From 6a6ae0817dac5e6ebce4ce617e47ed2ea4f6b8ed Mon Sep 17 00:00:00 2001
From: taivu1998 <46636857+taivu1998@users.noreply.github.com>
Date: Sat, 4 Apr 2026 11:29:32 -0700
Subject: [PATCH 2/2] Add changelog and merged-only LoRA export coverage

---
 CHANGELOG.md                                  |   1 +
 .../sft_lora/start_merged_only.toml           |  29 +++
 tests/integration/test_sft_lora.py            | 206 ++++++++++++------
 3 files changed, 171 insertions(+), 65 deletions(-)
 create mode 100644 configs/ci/integration/sft_lora/start_merged_only.toml

diff --git a/CHANGELOG.md b/CHANGELOG.md
index 1f7bf13850..eae1460e88 100644
--- a/CHANGELOG.md
+++ b/CHANGELOG.md
@@ -2,6 +2,7 @@
 
 Documenting changes which affect configuration usage patterns (added/moved/removed/renamed fields, notable logic changes).
 
+- **`ckpt.weights.save_adapter_separately` / LoRA weight exports**: LoRA weight exports now always write `weights/step_<N>` as a standalone merged Hugging Face-compatible checkpoint.
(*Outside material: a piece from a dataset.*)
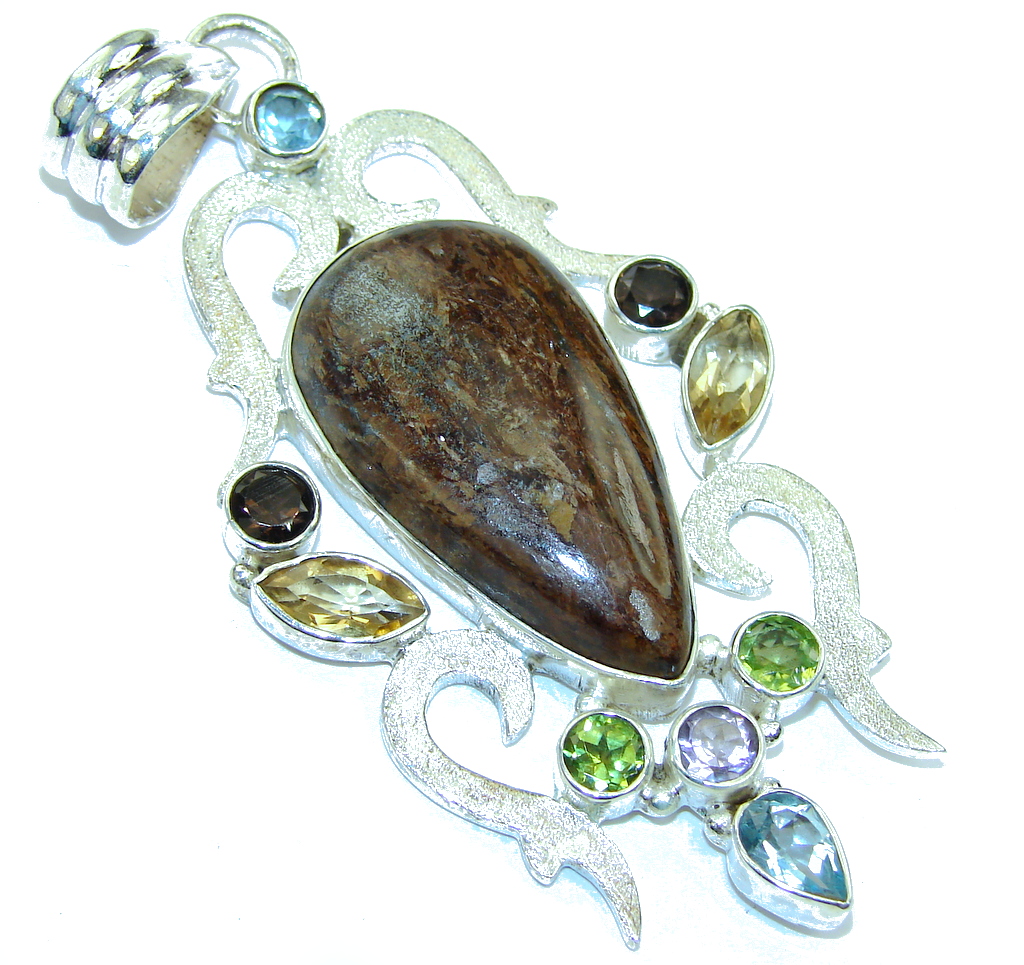 Marvelous Long Golden Pietersite Sterling Silver pendant

When `save_adapter_separately = true`, PRIME additionally writes adapter-only weights under `weights/step_<N>/lora_adapters`; this flag no longer changes the semantics of the main exported checkpoint. (2026-04-04)
 - **`log.file` and `log.env_worker_logs` removed**: Removed `log.file` (from `LogConfig` and `SharedLogConfig`) and `log.env_worker_logs` (from `LogConfig`). Python file logging is replaced by deployment-level capture. Existing configs using these fields must delete them. Log paths unified: `.stdout` files renamed to `.log`, SLURM logs moved from `slurm/` to `logs/`. (2026-03-31)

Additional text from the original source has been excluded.